Anyway. Yesterday, Cohen wrote another winner that included this gem:
Today's GOP is not racist, as Harry Belafonte alleged about the tea party, but it is deeply troubled — about the expansion of government, about immigration, about secularism, about the mainstreaming of what used to be the avant-garde. People with conventional views must repress a gag reflex when considering the mayor-elect of New York — a white man married to a black woman and with two biracial children. (Should I mention that Bill de Blasio's wife, Chirlane McCray, used to be a lesbian?) This family represents the cultural changes that have enveloped parts — but not all — of America. To cultural conservatives, this doesn't look like their country at all.And today he is defending himself:
Richard Cohen says that his latest piece was not intended to be and shouldn't be read as racist.I've got dipshit bingo!
"The word racist is truly hurtful," he told The Huffington Post on Tuesday. "It's not who I am. It's not who I ever was. It's just not fair. It's just not right."
..."I didn't write one line, I wrote a column," Cohen said. "The column is about Tea Party extremism and I was not expressing my views, I was expressing the views of what I think some people in the Tea Party held."
And those views are not held by the entire Tea Party. "I don't think everybody in the Tea Party is like that, because I know there are blacks in the Tea Party," he said.
...Cohen has been criticized for his comments on race in the past. When asked why he thought it was that he keeps getting caught up in racially charged arguments, he said that it's because people view him as a liberal and find some of his positions unconventional. "Every once in a while I take an unconventional stance as a liberal -- as someone who has always been called a liberal," he said. "If someone on the right wrote this, no one would care.
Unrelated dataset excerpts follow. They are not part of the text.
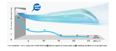 Long Distance Air Supplying ไม่ว่าไกลแค่ไหน ลมเย็นก็ไปถึง ด้วยการออกแบบผิดให้มีการกระจายลมเป็นได้ไกลมากยิ่งขึ้น โดยเฉพาะรุ่น 24,000 ปีมีบูสามารถส่งลมเย็นได้ไกลดึง 20 เมตร
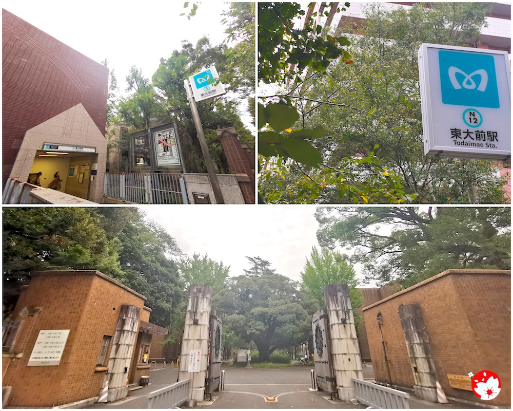 การเดินทาง: ขึ้นรถไฟโตเกียวเมโทร สาย Nanboku ลงสถานี Todaimae ออกทางออกที่ไปม.โตเกียว หลังจากนั้นให้เลี้ยวซ้าย และเดินเข้าประตู Nou-Seimon ก็จะได้พบกับรูปปั้นตรงฝั่งซ้าย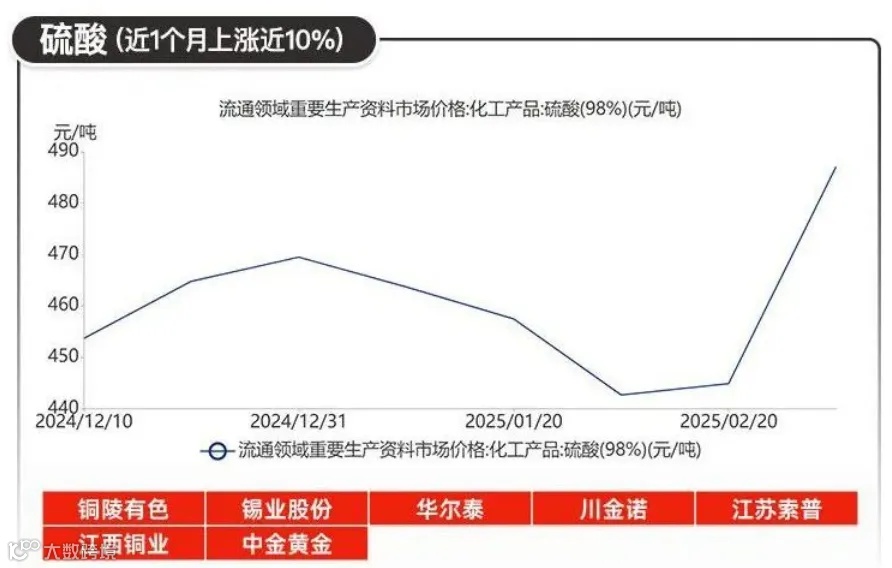 硫磺价格影响了下游硫酸报价,国内98%硫酸市场价557.5元/吨,14个工作日内涨幅达23.97%。酸企受成本及需求支撑,仍存一定推涨意愿。莱芜、招远地区部分装置临时短停,供应减量,东营、西部、莱芜等地区各主力酸厂酸价连续上调。
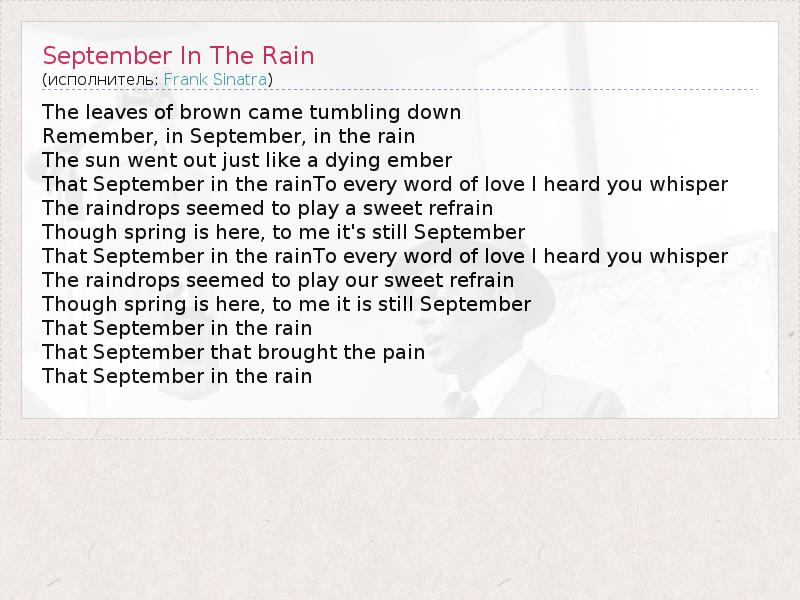 The leaves of brown came tumbling down Remember, in September, in the rain The sun went out just like a dying ember That September in the rainTo every word of love I heard you whisper The raindrops seemed to play a sweet refrain Though spring is here, to me it's still September That September in the rainTo every word of love I heard you whisper The raindrops seemed to play our sweet refrain Though spring is here, to me it is still September That September in the rain That September that brought the pain That September in the rain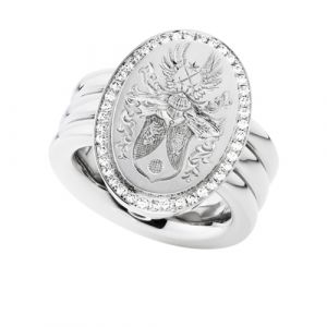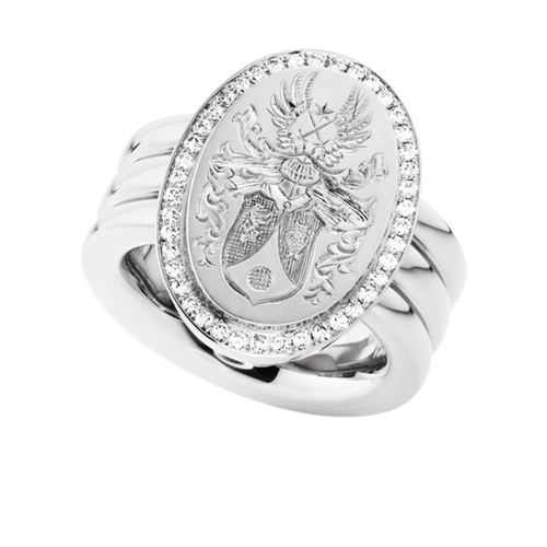 Wie in diesem Beispiel, einen Siegelring aus Platin mit präziser Wappengravur und Brillanten
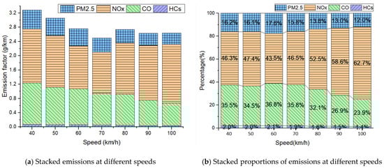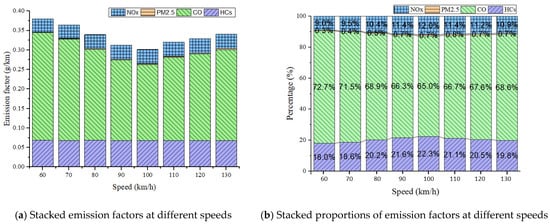The trends in emission accumulation for various factors at different speeds (see Figure 3a) indicate that among the typical pollutants, NOx emissions are the lowest, while CO emissions are the highest, followed by HCs, with PM2.5 emissions being slightly lower than HCs.

No one would make a big deal about it but because I veer every once in awhile from orthodoxy, or maybe more than once in awhile, I get plastered this way."
I don't even know what anyone is hoping to accomplish, even someone trying to observe that there are social conservatives who object to interracial marriage, by talking about how there are people who "must repress a gag reflex" at the sight of a happy marriage between two people of different races and/or at the sight of their lovely children.
And though it's the insensitive (to put it politely) comments about race that are being most widely discussed, I have a real problem with this shit: "(Should I mention that Bill de Blasio's wife, Chirlane McCray, used to be a lesbian?)" Nice parenthetical rhetorical mentioning it under the tiresome pretense of not mentioning it. Christ. This guy writes for the Washington Post.
I have no idea how Ms. McCray personally identifies. Maybe she really does identify as a "former" lesbian. But maybe she identifies as a bisexual person, an identity the wholesale erasure of which Cohen commits with a casual snide remark about how she "used to be" a lesbian.
This is terrible, retrograde stuff. I would say the Washington Post should be ashamed, but keeping this guy around after the other swill he's disgorged into their pages indicates they are intractably shameless.